В самом деле: что за церемонии! У меня все время было чувство, что церемоний вообще никаких не осталось, всё начистоту, откровенно. Кому какое дело, как зовут ту ненужную падаль, которую сейчас сунут в печь. Сгорела бы поскорее – вот и всё. Но падаль, как назло, не горела. Печь была советская, инженеры были советские, покойники были советские – всё в разладе, кое-как, еле-еле. Печь была холодная, комиссар торопился уехать. – Скоро ли? Поскорее, пожалуйста. – Еще 20 минут! – повторял каждый час комиссар. Печь остыла совсем. Сифилитики двигались как полумертвые.

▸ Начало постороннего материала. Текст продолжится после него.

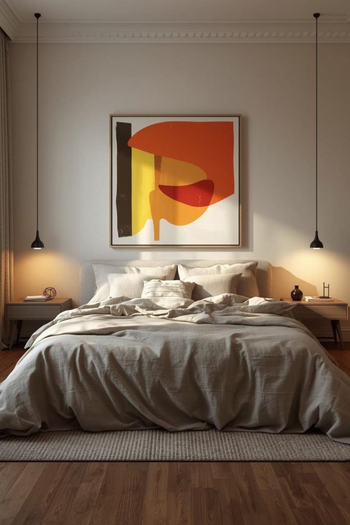 Bold wall art becomes the focal point of an art-forward bedroom. Curated decorative objects, minimal furniture, and complementary colors ensure the space feels balanced. Mixing textures and layering accessories prevent the room from feeling too rigid. This approach combines personality with sophistication, making the bedroom feel both expressive and refined.

Но для развлечения гроб приволокли раньше времени. В гробу лежал коричневый, как индус, хорошенький юноша красноармеец, с обнаженными зубами, как будто смеющийся, с распоротым животом, по фамилии Грачев. (Перед этим мы смотрели на какую-то умершую старушку – прикрытую кисеей – синюю, как синие чернила.) Долго и канительно возились сифилитики с газом. Наконец молодой строитель печи крикнул: – Накладывай! – похоронщики в белых балахонах схватились за огромные железные щипцы, висящие с потолка на цепи, и, неуклюже ворочая ими и чуть не съездив по физиономиям всех присутствующих, возложили на них вихляющийся гроб и сунули в печь, разобрав предварительно кирпичи у заслонки. Смеющийся Грачев очутился в огне. Сквозь отверстие было видно, как горит его гроб – медленно (печь совсем холодная), как весело и гостеприимно встретило его пламя. Пустили газу – и дело пошло еще веселее. Комиссар был вполне доволен: особенно понравилось всем, что из гроба вдруг высунулась рука мертвеца и поднялась вверх – «Рука! рука! смотрите, рука!» – потом сжигаемый весь почернел, из индуса сделался негром, и из его глаз поднялись хорошенькие голубые огоньки. «Горит мозг!» – сказал архитектор. Рабочие толпились вокруг. Мы по очереди заглядывали в щелочку и с аппетитом говорили друг другу: «раскололся череп», «загорелись легкие», вежливо уступая дамам первое место. Гуляя по окрестным комнатам, я со Спесивцевой незадолго до того нашел в углу… свалку человеческих костей. «Летом мы устроим удобрение!» – потирал инженер руки.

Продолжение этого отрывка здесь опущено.